If you do not understand AdamW
optimizer and learning scheduler, you may use default settings.
Optimizer Hyper-parameters
- weight_decay: The weight decay to apply (if not zero) to all layers except all bias and LayerNorm weights in [
AdamW
] optimizer. - adam_beta1: The beta1 hyperparameter for the [
AdamW
] optimizer. - adam_beta2: The beta2 hyperparameter for the [
AdamW
] optimizer.
Learning schedule
- lr_scheduler: The scheduler type to use.
- warmup_ratio: Ratio of total training steps used for a linear warmup from 0 to
learning_rate
.
Task 3 Playground¶
📚 Please just run the following code to do continual pre-training. Please try your best to tune the hyperparameters or collect more data to improve model performance.

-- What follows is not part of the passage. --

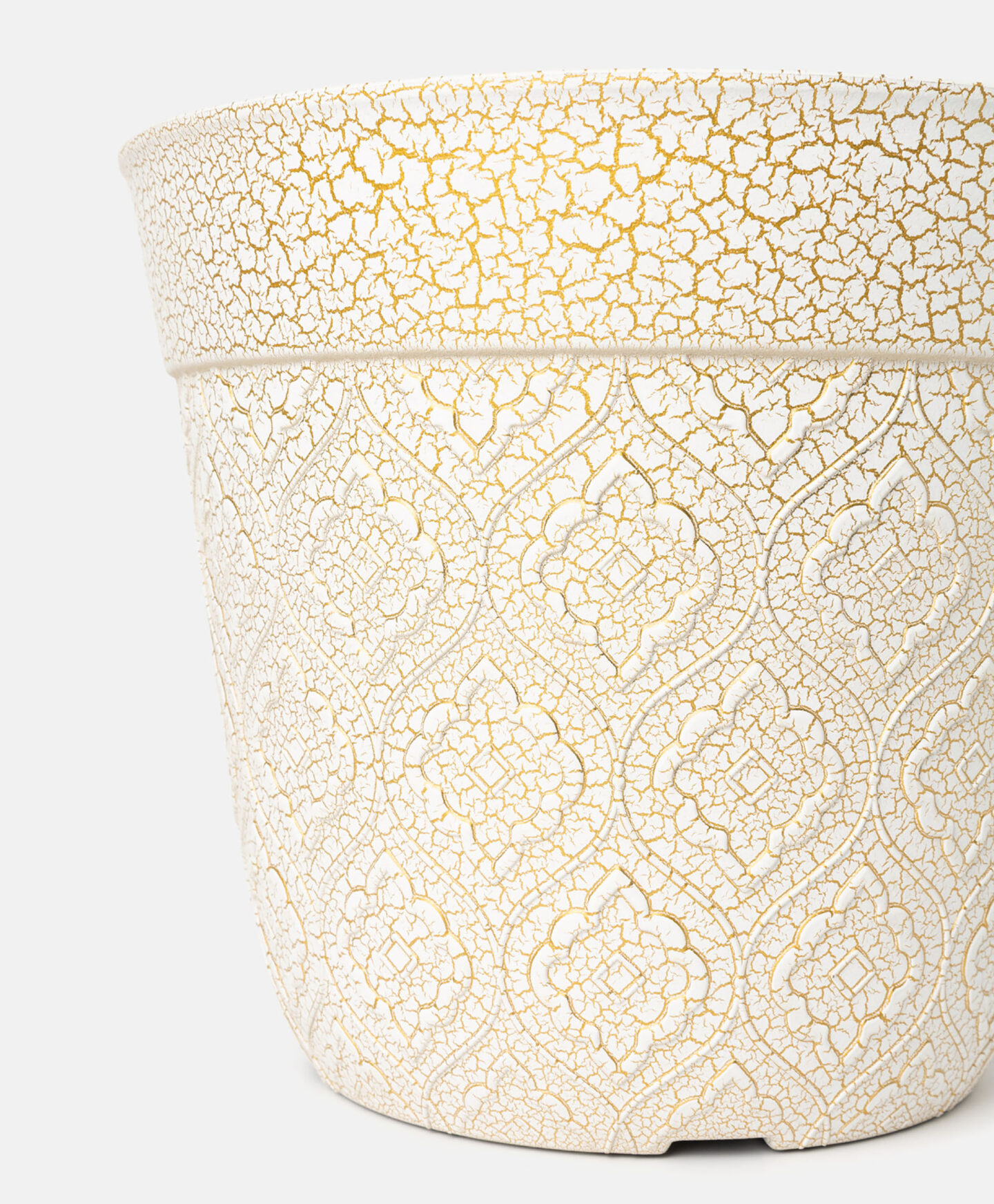 Vazonas su raštu, skersmuo 28 cm, patraukia dėmesį ornamentuotu paviršiumi. Švelnios spalvos puikiai įsilies į svetainės, miegamojo ar vaikų kambario kompoziciją, pabrėždamos gėlių grožį. Vidutinio dydžio vazonas puikiai tinka populiariausiems kambario augalams, tokiems kaip fikusas, monstera ar dracena. Pagamintas iš tvirtos medžiagos, vazonas yra lengvas ir lengvai prižiūrimas.

Step | Training Loss | Validation Loss |
---|---|---|
200 | 3.298300 | 3.243898 |
400 | 1.910000 | 1.898938 |
600 | 1.548700 | 1.571377 |
800 | 1.381600 | 1.436444 |
1000 | 1.313700 | 1.372024 |
1200 | 1.252300 | 1.322885 |
1400 | 1.179800 | 1.296618 |
1600 | 1.129800 | 1.278112 |
1800 | 1.088200 | 1.270051 |
2000 | 1.106700 | 1.262663 |
TrainOutput(global_step=2000, training_loss=1.7592032198905945, metrics={'train_runtime': 733.814, 'train_samples_per_second': 86.878, 'train_steps_per_second': 2.725, 'total_flos': 4956004181606400.0, 'train_loss': 1.7592032198905945, 'epoch': 8.0})
Load pre-trained model and try to generate mini-story in another language.
Device type: cuda
Evaluate the PPL on Chinese text (or another language) again.
You will notice that we actually achieve a much lower PPL after continual pre-training.
Validation Perplexity: 3.53 Test Perplexity: 3.52
The original English base model was pre-trained on 2 million data samples. Considering we are using only 10,000 training samples (0.5% of the original pre-training data), the model can generate a few fluent sentences but may still struggle with long-text generation or common sense of other languages. You can try using more data or training steps depending on your computational resources.
<s> 从前,有一只叫做汤姆的猫。汤姆和他的朋友们一起玩。他们喜欢在公园里玩耍。有一天,汤姆和他的朋友们决定去公园玩。 在公园里,汤姆看到了一个大滑梯。他想玩滑梯。他跑去滑梯,但不小心掉在了地上。汤姆很伤心。 汤姆很高兴他的朋友们能帮助他。他们一起玩滑梯,度过了很多快乐时光。